**DATASET CONTENT**:
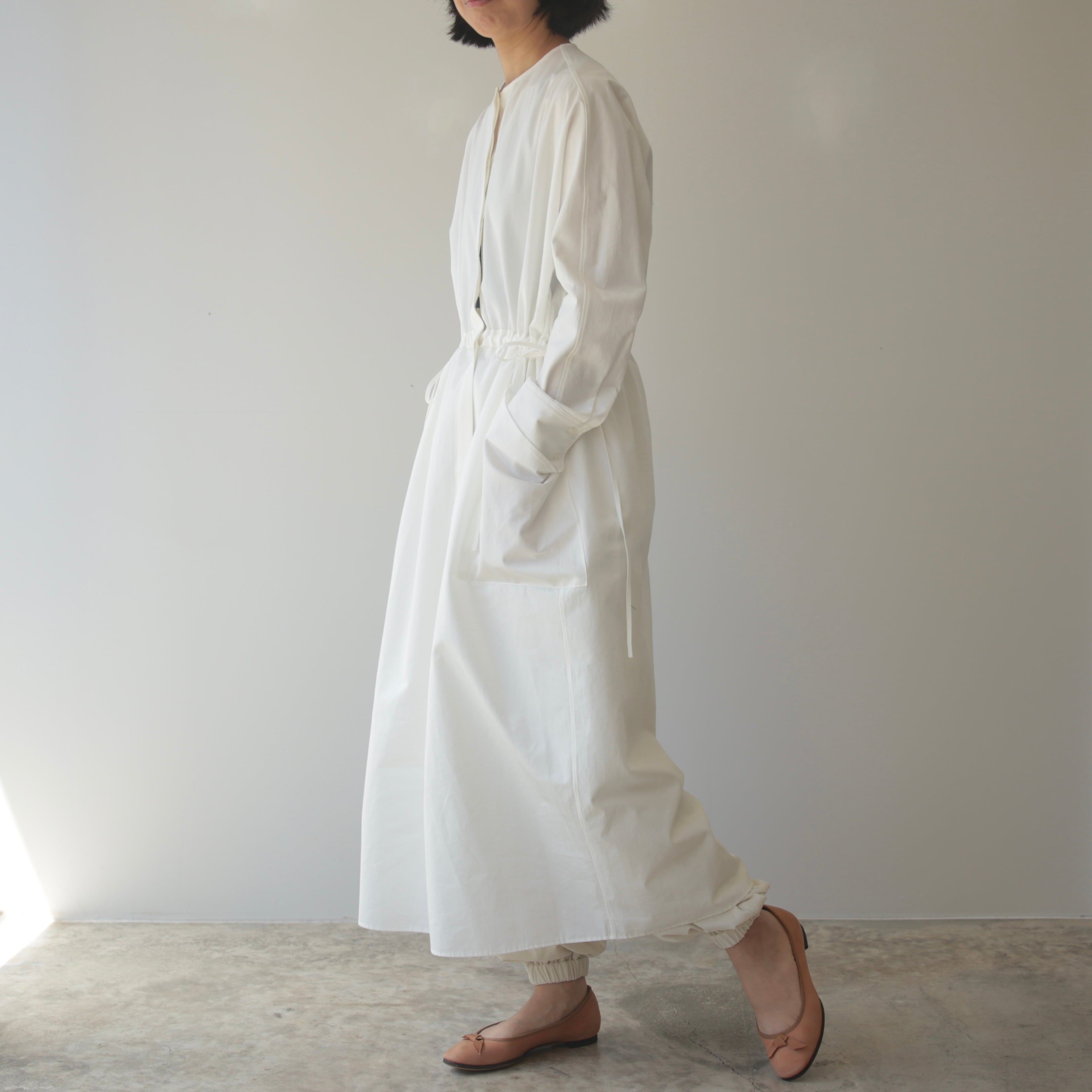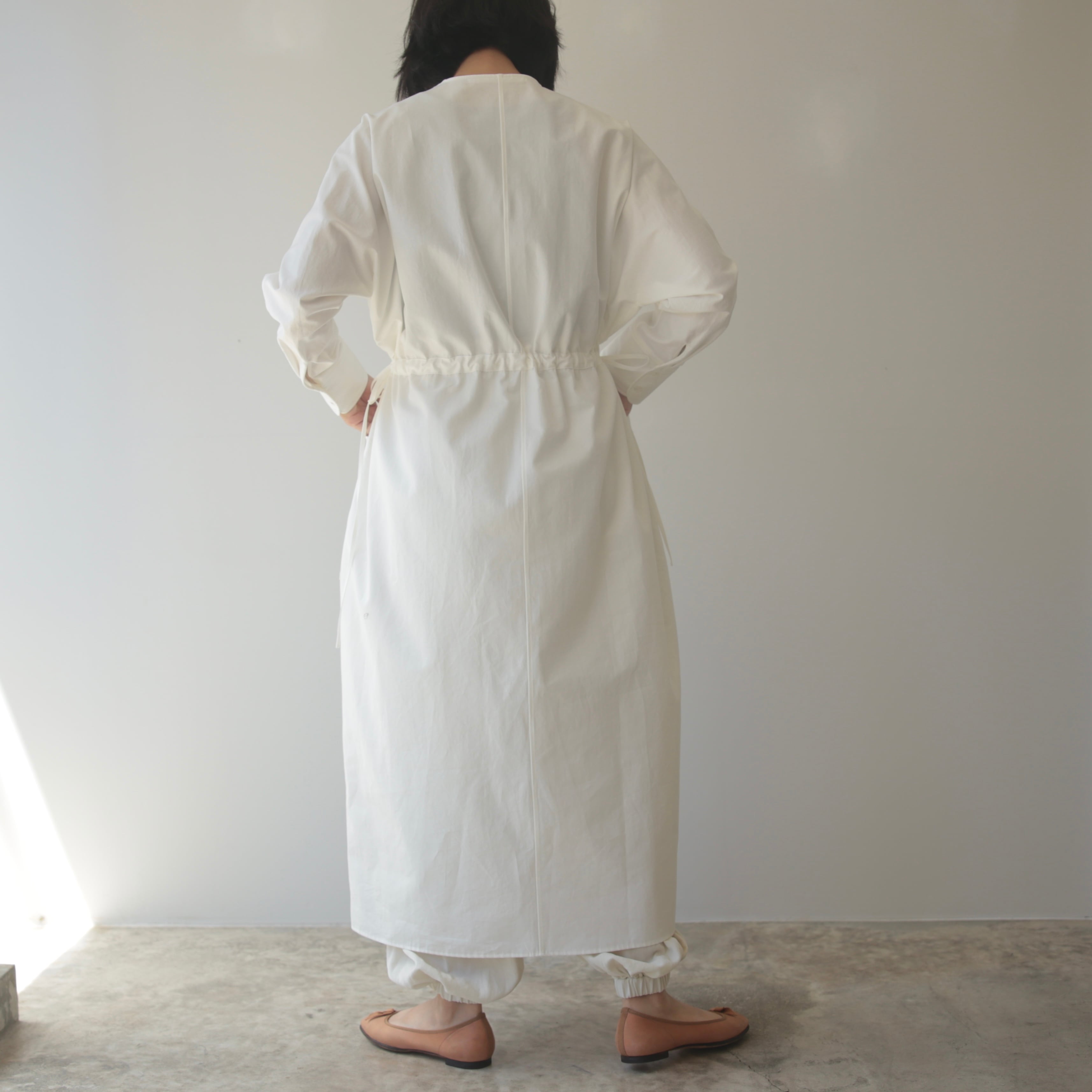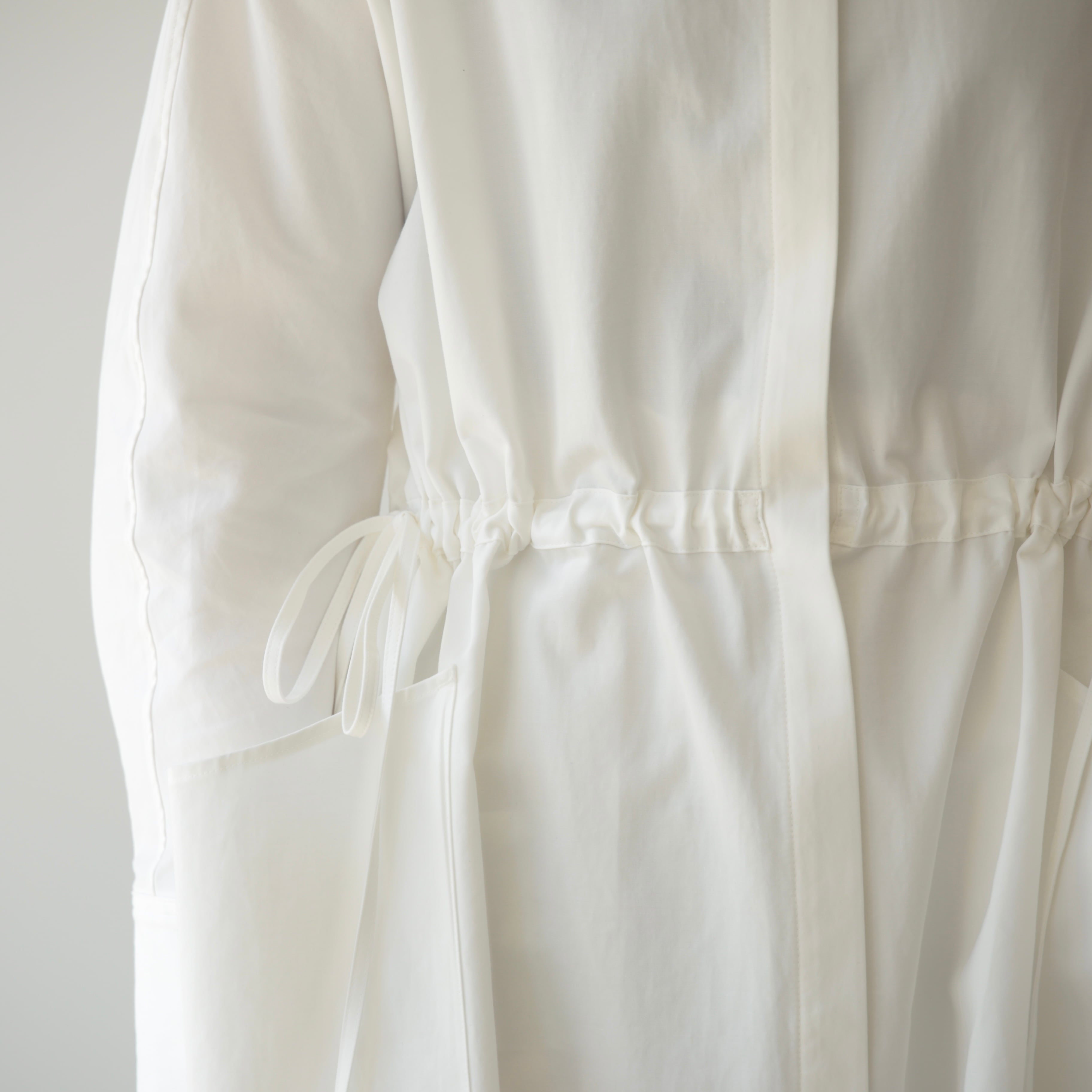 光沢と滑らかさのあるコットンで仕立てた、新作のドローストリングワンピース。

---

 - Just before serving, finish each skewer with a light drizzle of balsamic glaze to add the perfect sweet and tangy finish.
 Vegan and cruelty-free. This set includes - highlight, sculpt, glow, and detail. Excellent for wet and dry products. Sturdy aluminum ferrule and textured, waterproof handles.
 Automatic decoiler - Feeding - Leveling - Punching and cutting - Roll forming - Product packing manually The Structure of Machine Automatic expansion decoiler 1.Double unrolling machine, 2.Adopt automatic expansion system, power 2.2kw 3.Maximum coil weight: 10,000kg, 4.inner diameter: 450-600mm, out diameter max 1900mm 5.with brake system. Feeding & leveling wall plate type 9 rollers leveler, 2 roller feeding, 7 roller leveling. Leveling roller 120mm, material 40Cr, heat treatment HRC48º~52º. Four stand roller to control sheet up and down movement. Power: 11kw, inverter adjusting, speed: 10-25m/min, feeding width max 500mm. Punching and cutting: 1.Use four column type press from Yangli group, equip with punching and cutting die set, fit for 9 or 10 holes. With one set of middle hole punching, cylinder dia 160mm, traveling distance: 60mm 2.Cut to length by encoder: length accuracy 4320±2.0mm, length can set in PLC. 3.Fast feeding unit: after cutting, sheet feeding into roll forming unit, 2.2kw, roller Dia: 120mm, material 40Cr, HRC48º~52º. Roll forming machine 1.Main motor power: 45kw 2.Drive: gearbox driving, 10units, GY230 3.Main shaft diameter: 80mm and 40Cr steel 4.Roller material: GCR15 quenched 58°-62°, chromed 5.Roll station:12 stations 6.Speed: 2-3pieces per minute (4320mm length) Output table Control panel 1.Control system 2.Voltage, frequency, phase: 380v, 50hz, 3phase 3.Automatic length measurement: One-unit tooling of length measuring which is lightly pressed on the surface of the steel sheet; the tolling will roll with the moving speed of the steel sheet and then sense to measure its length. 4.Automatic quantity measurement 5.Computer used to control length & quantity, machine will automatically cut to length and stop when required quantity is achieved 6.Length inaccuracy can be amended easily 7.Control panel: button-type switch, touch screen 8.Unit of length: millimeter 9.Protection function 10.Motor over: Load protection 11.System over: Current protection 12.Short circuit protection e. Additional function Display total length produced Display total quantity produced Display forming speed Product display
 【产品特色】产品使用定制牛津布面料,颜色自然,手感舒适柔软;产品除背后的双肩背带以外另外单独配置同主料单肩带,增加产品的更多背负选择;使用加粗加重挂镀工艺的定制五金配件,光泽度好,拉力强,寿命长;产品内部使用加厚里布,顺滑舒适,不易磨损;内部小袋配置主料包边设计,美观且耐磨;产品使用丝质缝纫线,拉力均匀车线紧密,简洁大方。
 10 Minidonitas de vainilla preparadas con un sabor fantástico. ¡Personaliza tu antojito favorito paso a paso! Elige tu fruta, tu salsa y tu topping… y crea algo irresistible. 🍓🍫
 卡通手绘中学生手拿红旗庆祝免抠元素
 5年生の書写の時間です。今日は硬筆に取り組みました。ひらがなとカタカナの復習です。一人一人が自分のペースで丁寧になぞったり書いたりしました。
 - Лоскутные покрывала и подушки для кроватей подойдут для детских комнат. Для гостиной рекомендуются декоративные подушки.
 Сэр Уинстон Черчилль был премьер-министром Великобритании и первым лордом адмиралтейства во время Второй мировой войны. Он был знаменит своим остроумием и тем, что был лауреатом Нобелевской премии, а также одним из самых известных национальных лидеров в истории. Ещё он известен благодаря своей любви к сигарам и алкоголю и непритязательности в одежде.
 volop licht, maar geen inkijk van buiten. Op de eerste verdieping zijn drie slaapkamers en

...

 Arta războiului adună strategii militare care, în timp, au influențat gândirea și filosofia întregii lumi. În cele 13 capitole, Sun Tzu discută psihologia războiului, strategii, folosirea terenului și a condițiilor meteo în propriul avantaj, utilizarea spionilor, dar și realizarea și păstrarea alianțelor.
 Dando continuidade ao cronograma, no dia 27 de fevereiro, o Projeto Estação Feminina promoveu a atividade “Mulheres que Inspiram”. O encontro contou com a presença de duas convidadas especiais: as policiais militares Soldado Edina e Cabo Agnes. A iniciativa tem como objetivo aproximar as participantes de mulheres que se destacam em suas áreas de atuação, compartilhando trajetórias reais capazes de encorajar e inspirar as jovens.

**WORK ITEM**:
Above is a listing; print exactly its lines from the one with "Сэр Уинстон Черчилль" through the one with "volop licht, maar", and no other lines.

**OUTPUT BELOW**:
 Сэр Уинстон Черчилль был премьер-министром Великобритании и первым лордом адмиралтейства во время Второй мировой войны. Он был знаменит своим остроумием и тем, что был лауреатом Нобелевской премии, а также одним из самых известных национальных лидеров в истории. Ещё он известен благодаря своей любви к сигарам и алкоголю и непритязательности в одежде.
 volop licht, maar geen inkijk van buiten. Op de eerste verdieping zijn drie slaapkamers en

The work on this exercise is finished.